### Work request:
The data that follows is to be copied exactly, with each image removed.

### Dataset section:
════════════════════

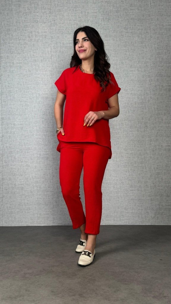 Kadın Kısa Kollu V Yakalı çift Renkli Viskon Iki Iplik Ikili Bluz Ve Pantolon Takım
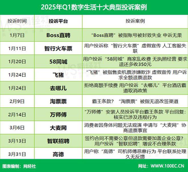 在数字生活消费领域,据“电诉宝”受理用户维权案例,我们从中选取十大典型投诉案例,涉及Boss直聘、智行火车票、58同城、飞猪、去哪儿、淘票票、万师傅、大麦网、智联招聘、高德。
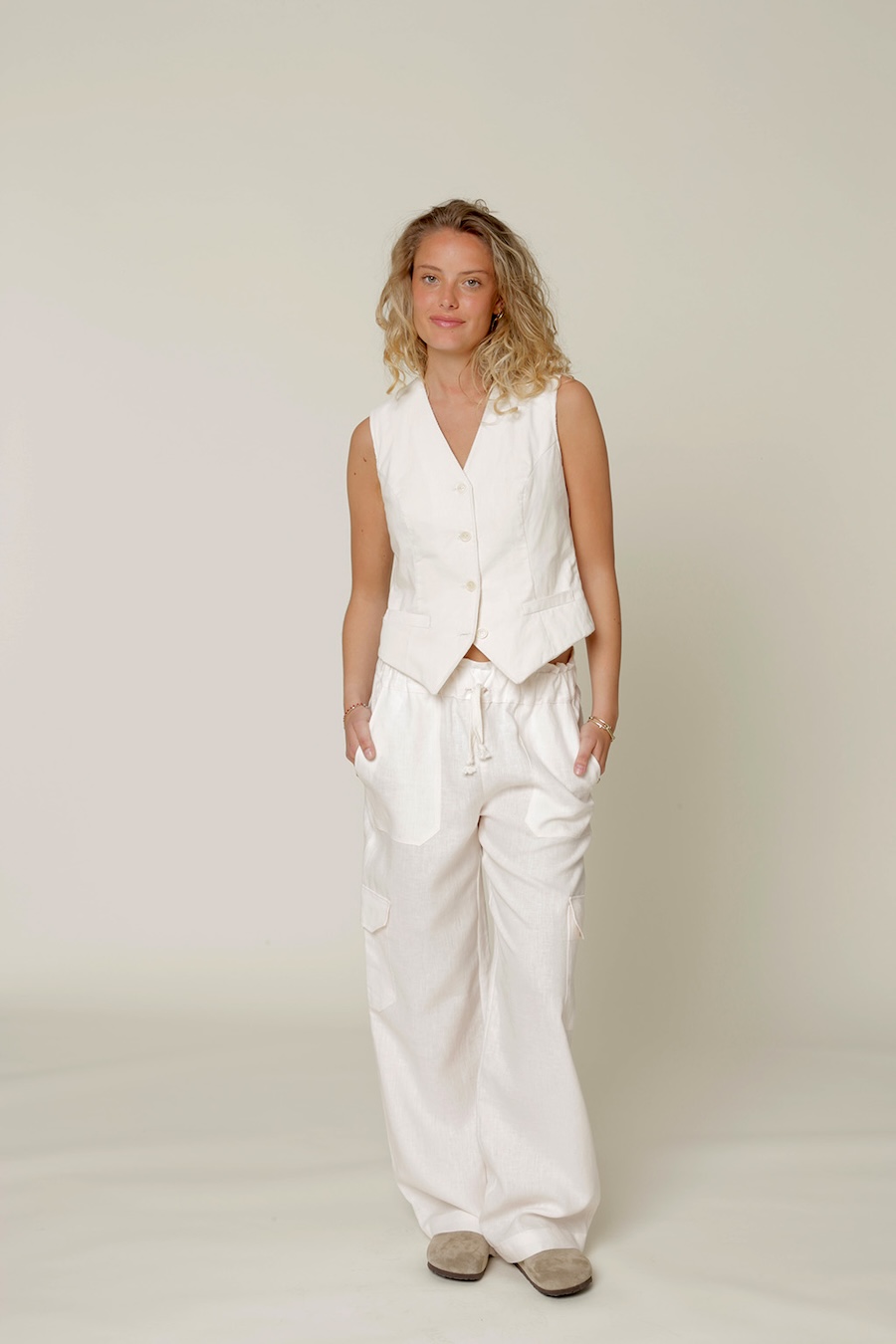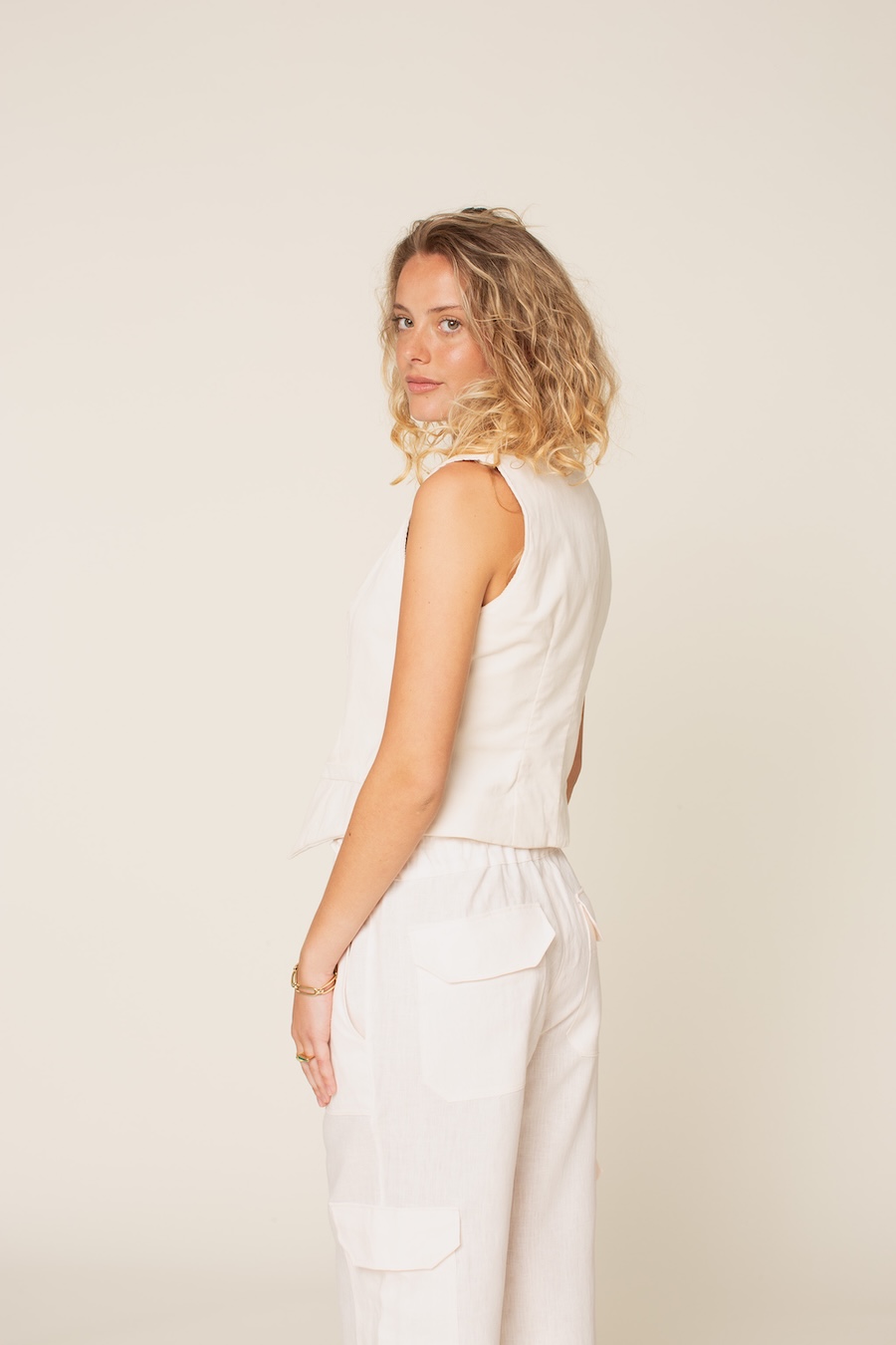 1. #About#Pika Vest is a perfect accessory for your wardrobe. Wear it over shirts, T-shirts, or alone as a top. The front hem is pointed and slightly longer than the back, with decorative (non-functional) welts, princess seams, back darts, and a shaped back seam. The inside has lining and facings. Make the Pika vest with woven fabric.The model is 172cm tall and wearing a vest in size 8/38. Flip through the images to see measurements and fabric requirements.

════════════════════

### Task response:
 Kadın Kısa Kollu V Yakalı çift Renkli Viskon Iki Iplik Ikili Bluz Ve Pantolon Takım
 在数字生活消费领域,据“电诉宝”受理用户维权案例,我们从中选取十大典型投诉案例,涉及Boss直聘、智行火车票、58同城、飞猪、去哪儿、淘票票、万师傅、大麦网、智联招聘、高德。
 1. #About#Pika Vest is a perfect accessory for your wardrobe. Wear it over shirts, T-shirts, or alone as a top. The front hem is pointed and slightly longer than the back, with decorative (non-functional) welts, princess seams, back darts, and a shaped back seam. The inside has lining and facings. Make the Pika vest with woven fabric.The model is 172cm tall and wearing a vest in size 8/38. Flip through the images to see measurements and fabric requirements.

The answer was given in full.